* Prompt
Transcribe exactly, and only, the lines running from the one that contains "最后的结果和我们的课程表进行笛卡尔积就可以得到这个课程的名字;" through the last line of the material. No pictures.

* Given data
--- START ---

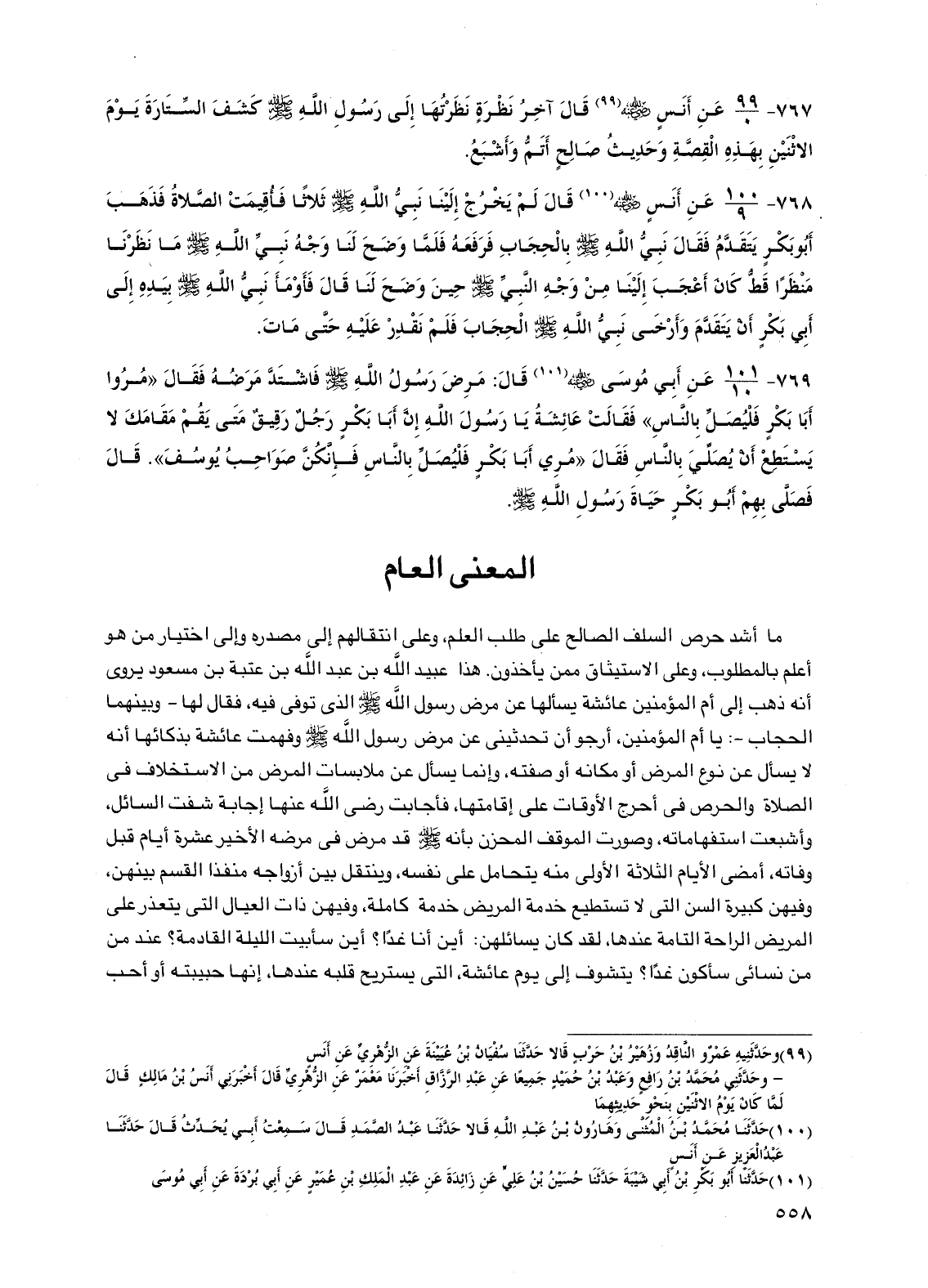ما أشد حرص السلف الصالح على طلب العلم، وعلى انتقالهم إلى مصدره وإلى اختيار من هو أعلم بالمطلوب، وعلى الاستيثاق ممن يأخذون. هذا عبيد الله بن عبد الله بن عتبة بن مسعود يروي أنه ذهب إلى أم المؤمنين عائشة يسألها عن مرض رسول الله صلى الله عليه وسلم الذي توفي فيه، فقال لها -وبينهما الحجاب-: يا أم المؤمنين، أرجو أن تحدثيني عن مرض رسول الله صلى الله عليه وسلم وفهمت عائشة بذكائها أنه لا يسأل عن نوع المرض أو مكانه أو صفته، وإنما يسأل عن ملابسات المرض من الاستخلاف في الصلاة والحرص في أحرج الأوقات على إقامتها، فأجابت رضي الله عنها إجابة شفت السائل، وأشبعت استفهاماته، وصورت الموقف المخزن بأنه صلى الله عليه وسلم قد مرض في مرضه الأخير عشرة أيام قبل وفاته، أمضى الأيام الثلاثة الأولى منه يتحامل على نفسه، وينتقل بين أزواجه منفذا القسم بينهن، وفيهن كبيرة السن التي لا تستطيع خدمة المريض خدمة كاملة، وفيهن ذات العيال التي يتعذر على المريض الراحة التامة عندها، لقد كان يسائلهن: أين أنا غدا؟ أين سأبيت الليلة القادمة؟ عند من من نسائي سأكون غدا؟ يتشوف إلى يوم عائشة، التي يستريح قلبه عندها، إنها حبيبته أو أحب
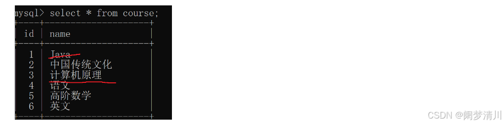 最后的结果和我们的课程表进行笛卡尔积就可以得到这个课程的名字;
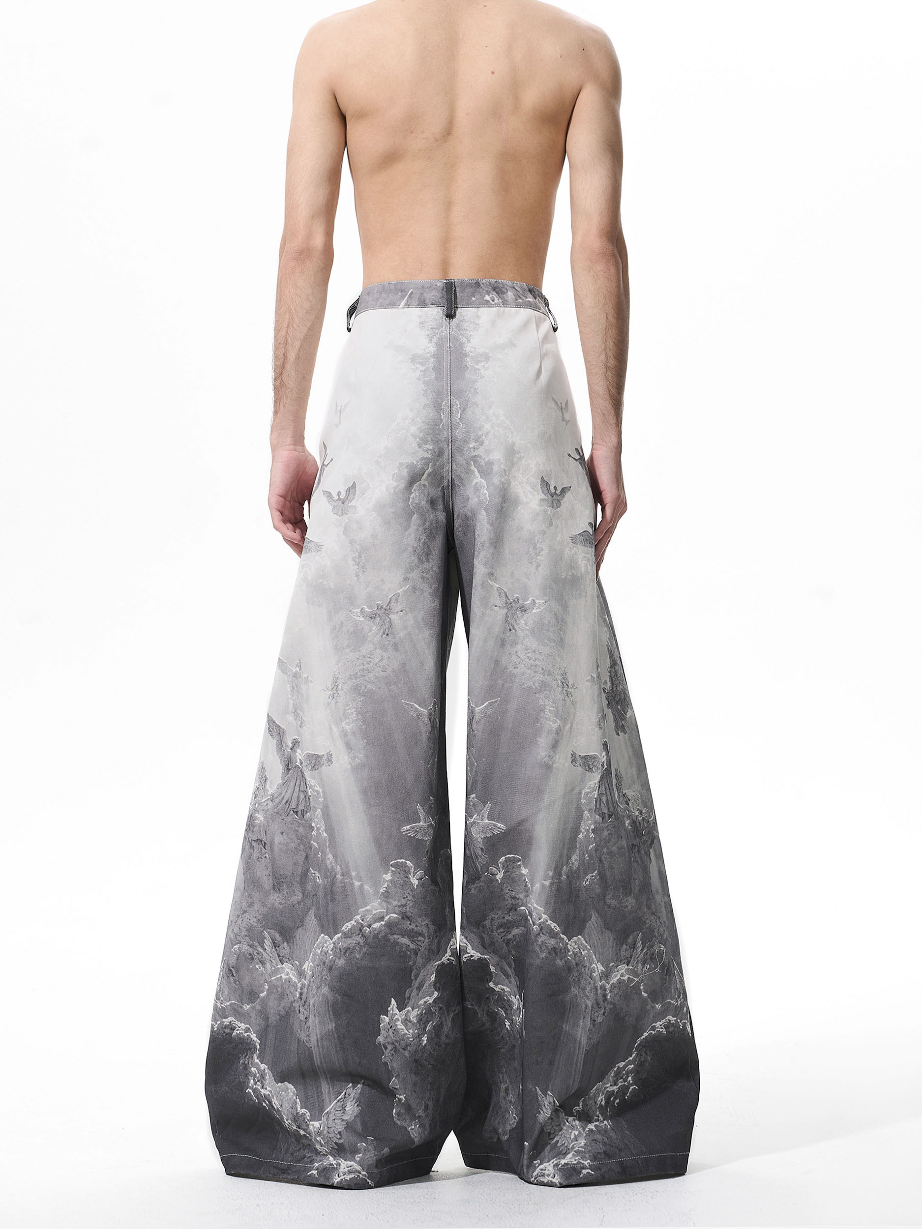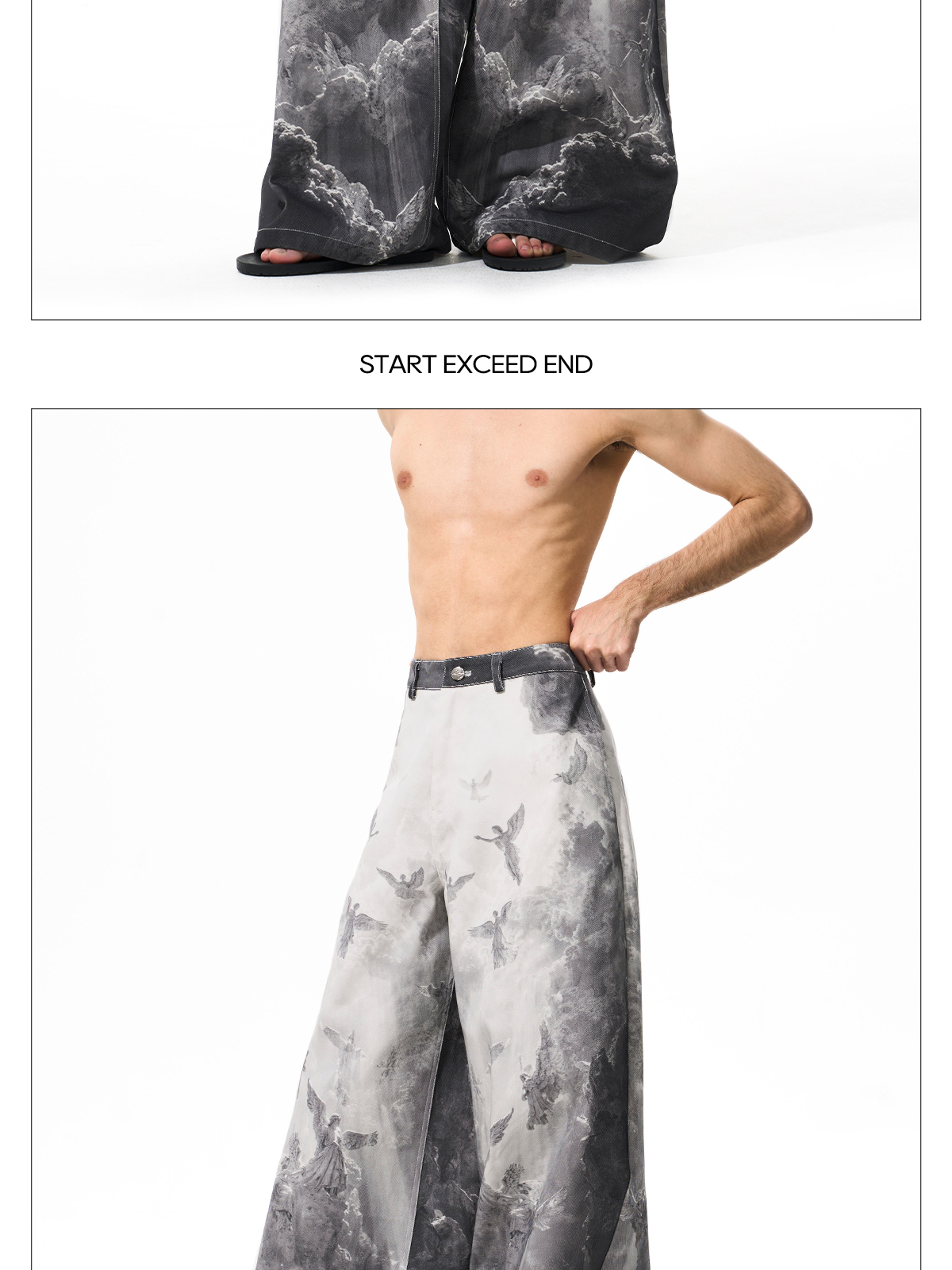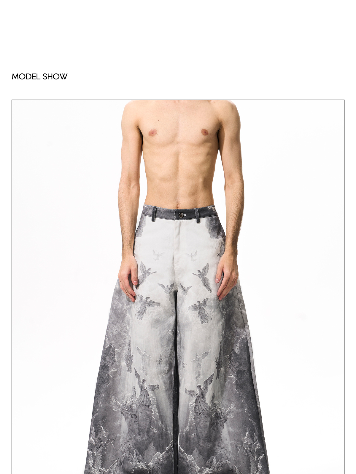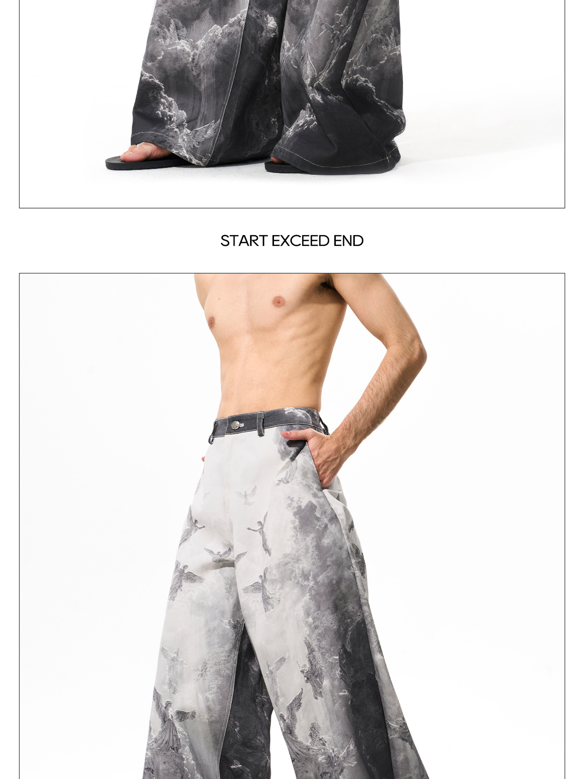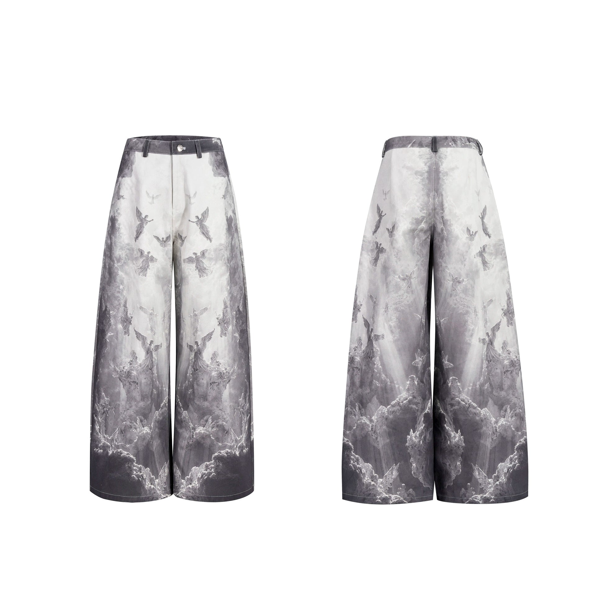 3D Print Low Waist Wide Leg Denim Jeans WN21778

--- END ---

* Output of the task
 最后的结果和我们的课程表进行笛卡尔积就可以得到这个课程的名字;
 3D Print Low Waist Wide Leg Denim Jeans WN21778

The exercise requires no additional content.